TOKYO (Reuters) – Japan’s Olympics minister said the country is committed to hosting the summer games as planned from July even as the coronavirus outbreak spread to new parts of the country.

“Cancellation or delay of the Games would be unacceptable for the athletes,” Seiko Hashimoto said in parliament on Thursday. “An environment where athletes can feel at ease and focus should be firmly prepared.”

Japan’s western prefecture of Shiga reported its first coronavirus infection on Thursday, a day after the announcement of a first case in the southern prefecture of Miyazaki.

Confirmed coronavirus infections have risen above 1,000 nationwide, with 36 new cases reported Wednesday – the biggest one-day increase to date – in locations ranging from Kumamoto prefecture in the southwest, to Hokkaido in the north. Twelve people have died from the disease, according to the health ministry.

The rapid spread of the outbreak has raised questions about whether Tokyo can host the Olympics as scheduled from July 24.

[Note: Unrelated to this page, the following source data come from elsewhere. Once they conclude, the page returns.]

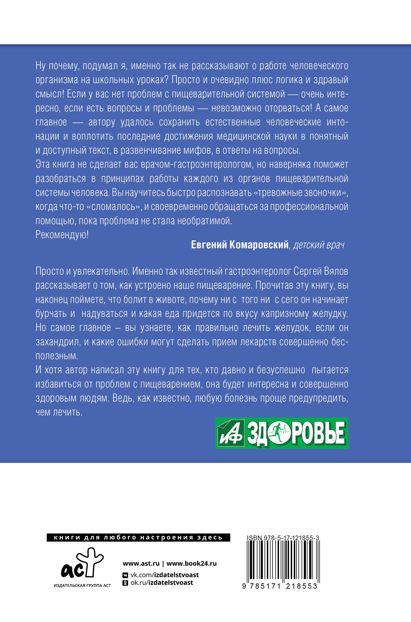 Перед вами не учебник для врачей и не инструкция по лечению всех болезней. Эта книга просто и доступно поможет разобраться в принципах работы пищеварения и понять, что именно пошло не так. Автор привлекает внимание к наиболее частым ошибкам и практическим трудностям, которые возникают на пути от начала заболевания к выздоровлению. Вы узнаете о пищеварении если не все, то очень много. А зная, как работают желудок, печень и кишечник, становится проще понимать, что именно нужно сделать для их восстановления. Сергей Вялов - врач-гастроэнтеролог с международной квалификацией и опытом работы в Германии, гепатолог, кандидат медицинских наук, медицинский консультант телепрограмм "О самом главном", "Я худею", "Контрольная закупка" и других на федеральных телеканалах (Первый, Россия, НТВ). В его активе более 160 научных статей и более 20 книг для врачей. Берите на вооружение только проверенную информацию, берегите себя и будьте здоровы!| Издательство | ИЗДАТЕЛЬСТВО "АСТ" |
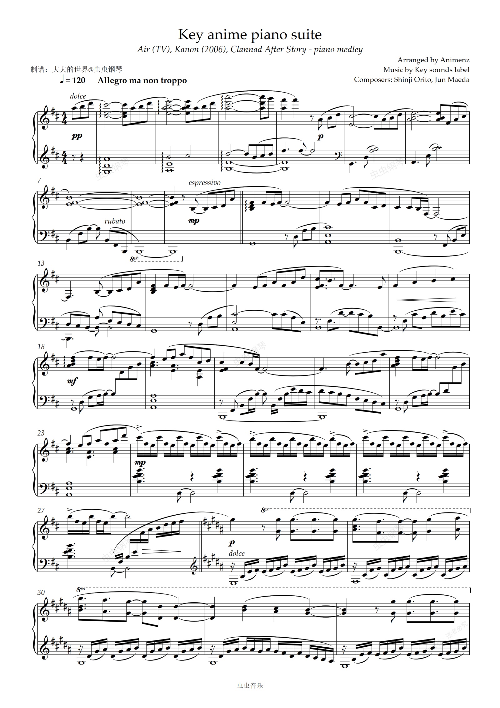 钢琴谱:【Animenz】鸟之诗-时间铭刻之歌 Key Anime Piano Suite
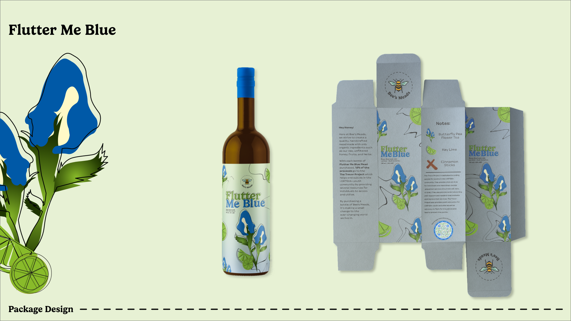 Flutter Me Blue: Mead infused with butterfly pea flower tea and key lime (butterfly pea flower plant and lime illustrations) -- 15% of the proceeds will go to The Trevor Project in June.
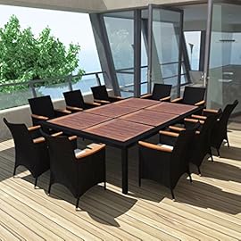 Tidyard Gartengruppe Garten Essgruppe Poly Rattan für 10 Personen, Gartenmöbel Set Sitzgruppe, mit Auflagen, Wetterfest, Tischplatte Schwarz 200x150x74 cm
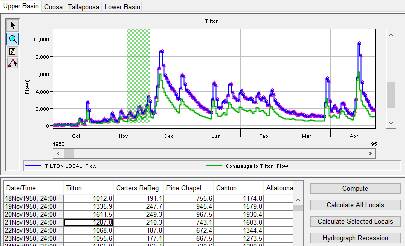 For example, "Figure: OSI Tab—Plot Panel Showing Active Dataset" shows the Plot Panel displaying time-series data for the selected (active) variable as well as another time-series dataset that was selected to be plotted with it. The plot also shows a green cross-hatched vertical bar indicating the range of the data currently displayed in the table and a blue vertical line indicating the point in time of the selected cell in the table.
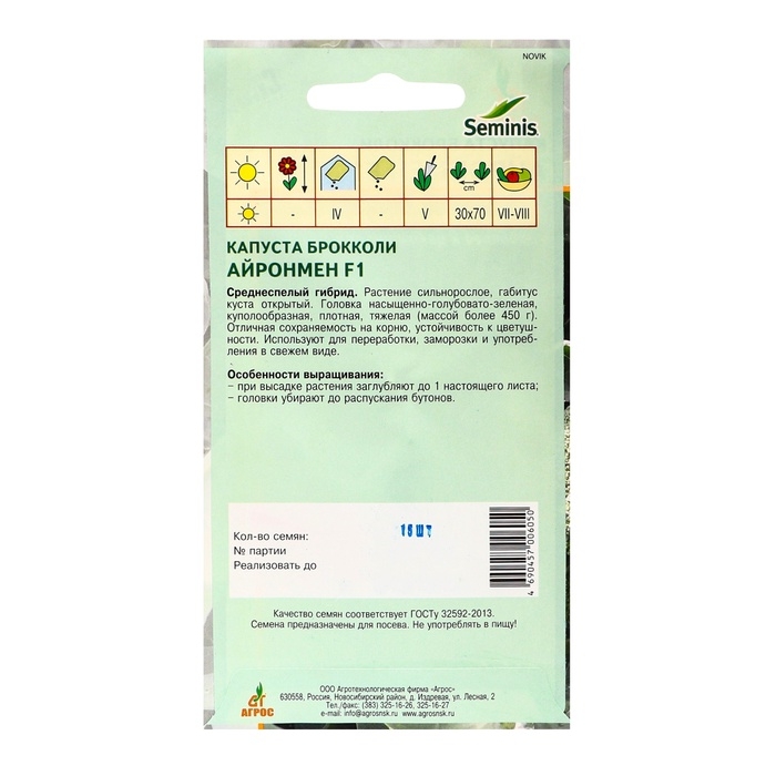 Семена Брокколи"Айронмен"F1 15шт* Seminis
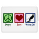 Esquí de agua de amor por la paz. Un regalo de esquí acuático con un signo de paz, corazón y esquiador.
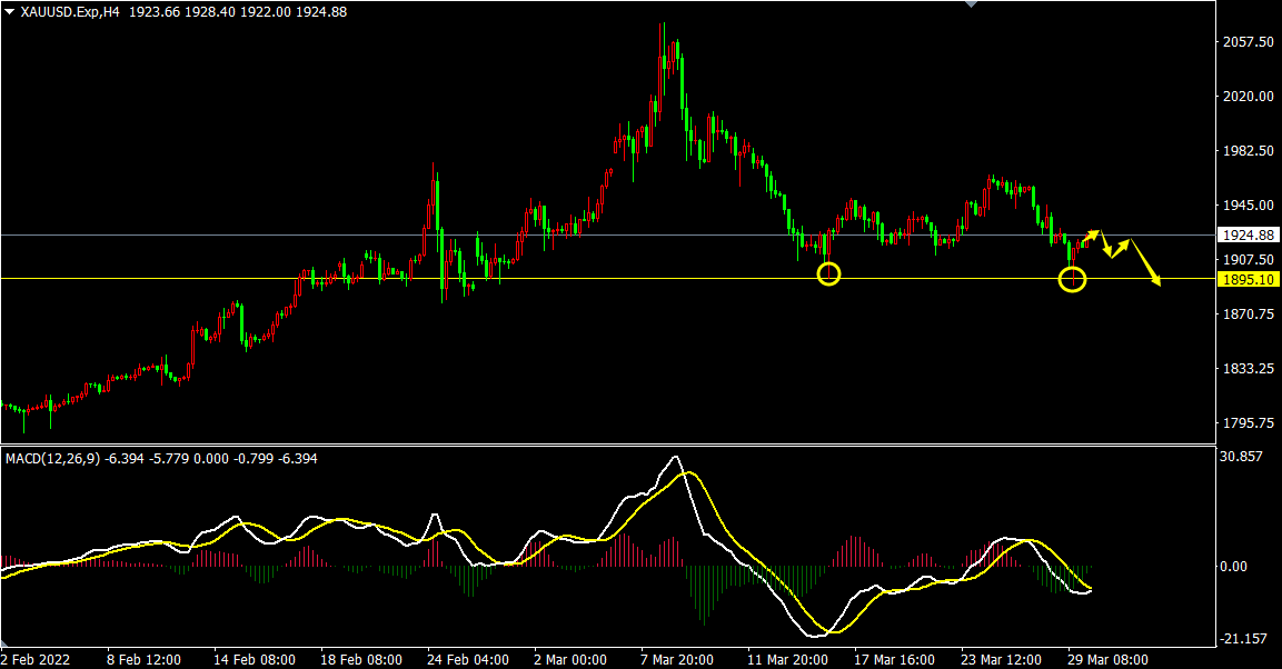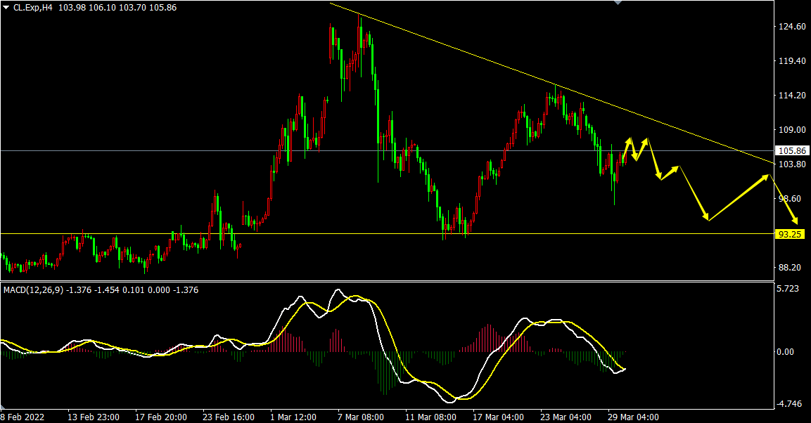 从WTI原油1小时图来看,原油若后市无新的意外发生,延续目前现状的话,走势波动大概率也会随着事情的常态化而波动下降,这也是市场情绪的体现,目前则继续技术面的回落预期,直至前低附近再考虑底部问题。
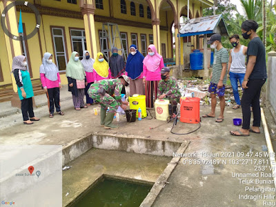 SERIBUPARITNEWS.COM, PELANGIRAN - Babinsa Koramil 10/Pelangiran Serka Sugianto melaksanakan kegiatan penyemprotan desinfetan bersama warga dan Ibu ibu PKK Minggu (13/06/2021)
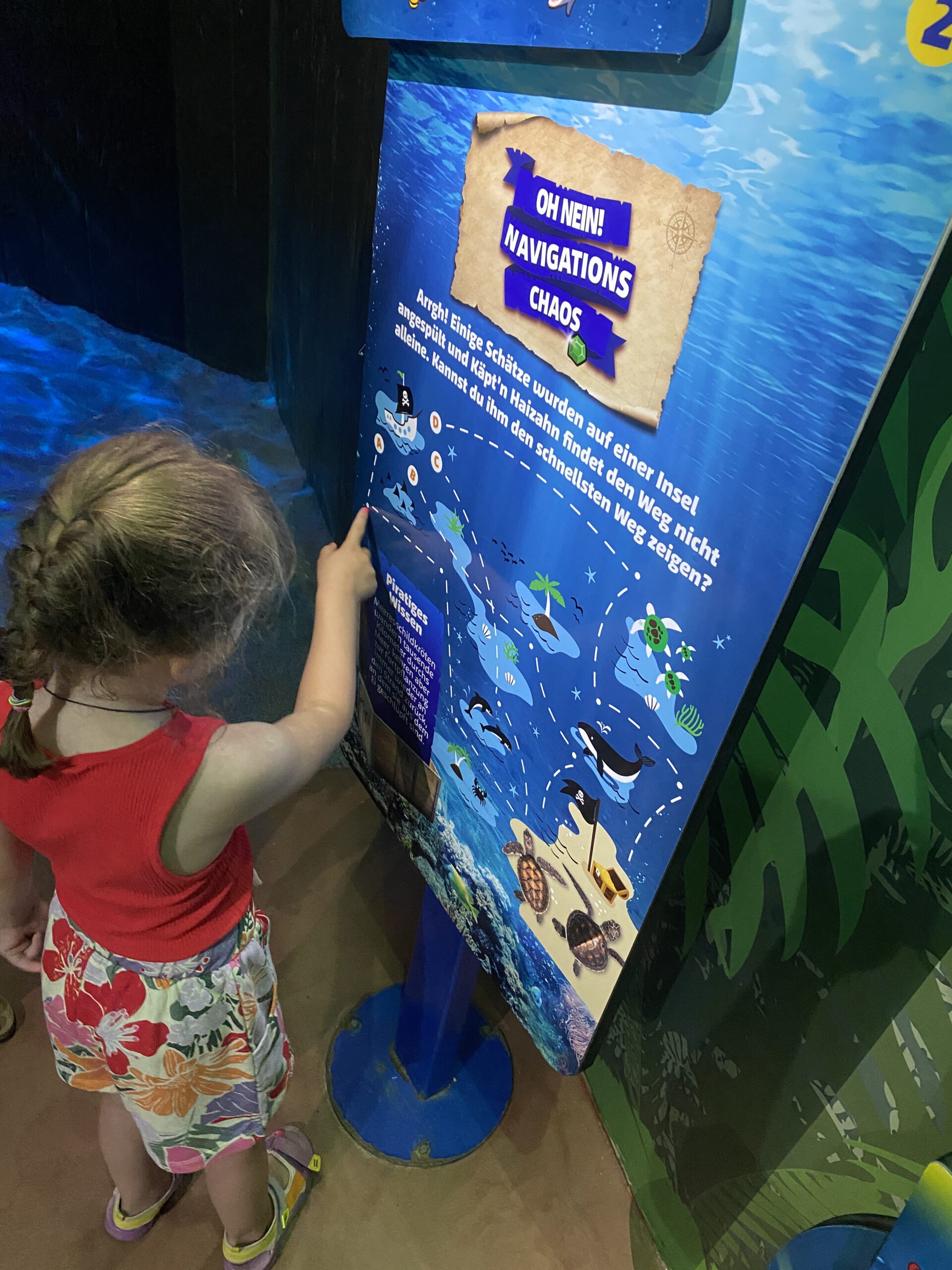 Da die Online-Eintrittkarten auf eine bestimmte Uhrzeit gebucht wurden, wird für uns der ca. 10 Min. Gehweg entfernte, empfohlene Parkplatz zum Startpunkt eines kleinen Dauerlaufs. Früher starten hätte ganz gut getan, aber im Urlaub ja immer so eine Sache. Leicht ausser Atem und angeschwitzt erreichen wir dann doch noch pünktlich das direkt am Meer gelegene Gebäude der Aquarienwelt. Freundlich begrüßt erhält unser Kind zunächst eine Piratenausrüstung inklusive Schatzkarte um die Fragen an verschiedenen Stationen innerhalb des Gebäudes zu beantworten und am Ende eine kleine Überraschung zu bekommen. Aufregend. Eine lange Treppe führt uns hinab in die atemberaubende Welt der Meere.
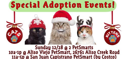 Give a loving rescue kitty a home this holiday season! Come to an Adoption Event and fall in love with one of our Ark Angel fur-babies. We will be having DAILY ADOPTION EVENTS from now through out this holiday period. You can view some of our sweet cats and kittens by clicking the blue button below.
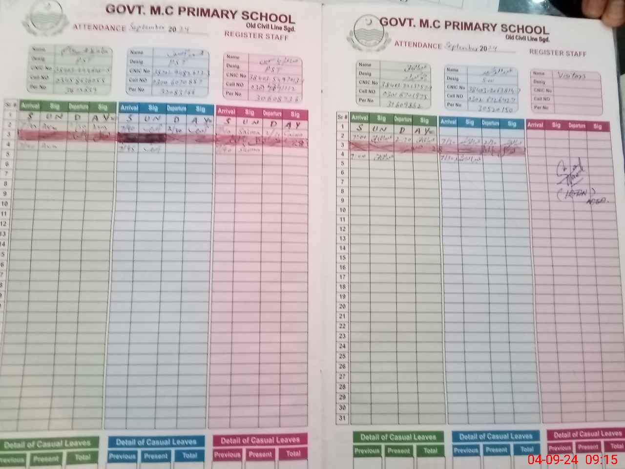 | CNIC | Full Name | Designation | R/C | Absence During Last Calender Month |
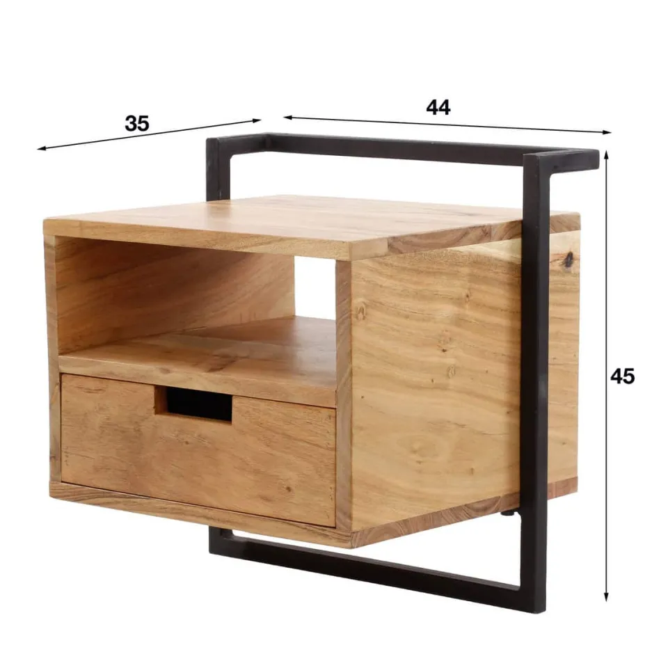 Dit nachtkastje is uitgevoerd in metaal met acaciahout. Deze combinatie geeft dit nachtkastje een eigentijdse uitstraling en deze is dan ook heel goed te combineren met de meeste bedden. Dit nachtkastje wordt door middel van een strip met drie schroefgaten aan de muur gemonteerd, waardoor het nachtkastje hierop kan hangen. Zie hiervoor de foto.

Hashimoto told the upper house on Thursday that organizers and the International Olympic Committee (IOC) would continue to work together closely. She reiterated the final decision on holding the games as planned rests with the IOC.

Japan’s Olympics minister caused controversy earlier this week by saying the contract for the games “could be interpreted as allowing a postponement” within the year 2020.

On Wednesday, IOC President Thomas Bach said the words ‘cancellation’ or ‘postponement’ were not mentioned during two-day meeting focused on preparations for the Games.

Asked what made him so confident the Games would go ahead, Bach said the IOC and 2020 Games organizers were receiving expert information, including from the World Health Organization.